Отца тогда Вадим редко видел, можно сказать, и вовсе не видел; он, как говорила бабушка, болел и лежал в больнице, но навещать его было нельзя, потому, как он лежал в психиатрической больнице, (бабушка и не пыталась этого скрывать от внука, сама сына и отправляла).

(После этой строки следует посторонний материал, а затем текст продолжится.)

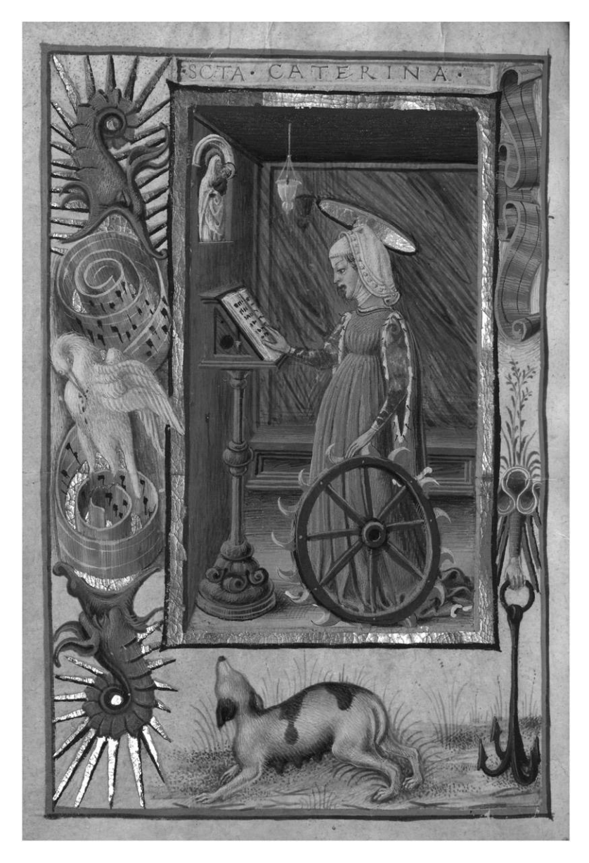
Figure 3. Taddeo Crivelli. Saint Catherine of Alexandria, ca. 1469. J. Paul Getty Museum, MS Ludwig IX 13, fol. 187<sup>v</sup>.

wheel, the only indication of her grizzly martyrdom. In the margin beneath the miniature is a dog, symbol of good faith and constancy, the praiseworthy qualities demonstrated by Saint Catherine during her encounter with the Emperor Maxentius (r. 306–12). The dog, conspicuously depicted as female,

— Твой отец болен, тебя вообще нельзя было рожать, я твоей матери говорила, она все равно родила. Таскалась сюда с пузом, все хотела, чтобы я ее прописала, и за ручку с сестрицей твоей, бог знает, от кого рожденной. Ты не смотри так на меня, я вообще никогда не врала и врать не буду. У тебя мамаша еще та девица была. Все таскалась, все прописаться хотела. На работу ко мне, к сыну на работу с сестрицей твоей и с пузом, все скандалила, что ей кормить дочь нечем. Это ж какой позор, это ж насколько нужно быть бессовестной, чтобы с пузом и с неизвестно чьей дочерью таскаться и скандалы чинить! Ты слушай, ты глазки-то не делай, я тебе правду рассказываю. Это ж надо, от больного человека требовала чего-то и еще угрожала, что в инстанции пойдет, все про сына моего расскажет, что он болен и что ее бросил. А как он ее бросил, если и не жил с ней? У нее подруга была, так они вдвоем по парням и таскались, и к сыну моему пришли и в постель к нему залезли. Сын мой начальником был, уже тогда, я его после института пристроила, а они кто? — твоя мамаша всю жизнь крановщицей, и подруга ее такая же. Что, порядочная твоя мамаша? Я все знаю, я врать не стану. — Ты злая, ты дура! — кричал Вадим, плакал и убегал. А через месяц-другой бабушка звонила и звала его. И Вадим приходил. Не хотел приходить, а все равно. Жалко было бабушку. — Ты поживи у меня, — просила, порой, бабушка, и очень просила, когда отец жил дома. — Убьет он меня, — говорила бабушка, — а мне еще тебя растить надо, чтобы ты на ноги встал, школу закончил, в институт поступил. Врачом будешь. Врачом быть выгодно, они, вон, до пенсии работают и после пенсии — до самой смерти — всё работают, и помнить ничего не помнят, а всё лечат и деньги получают и подарки. Врачом выгодно быть; ты после школы в медицинский поступишь, это решено, я помогу, на самый лучший факультет. Я о тебе забочусь, хоть ты и не любишь меня, ты все за мамашу свою заступаешься, а за меня кто заступится? Я старая, я умру скоро, и за меня заступиться надо. Я же тебе добра желаю. Вот, смотри, какие джинсы я тебе купила, настоящие, фирменные, не подделка. Я у тебя хорошая, мамаша тебе такие не купит; вот, померяй. И смотри, какую я рыбку купила, настоящий осетр, не перемороженный, свежий, ешь, он полезный, в нем фосфор. Я тебе зла никогда не желала, вот и видеокассета с мультиками, гляди, вот — все для тебя.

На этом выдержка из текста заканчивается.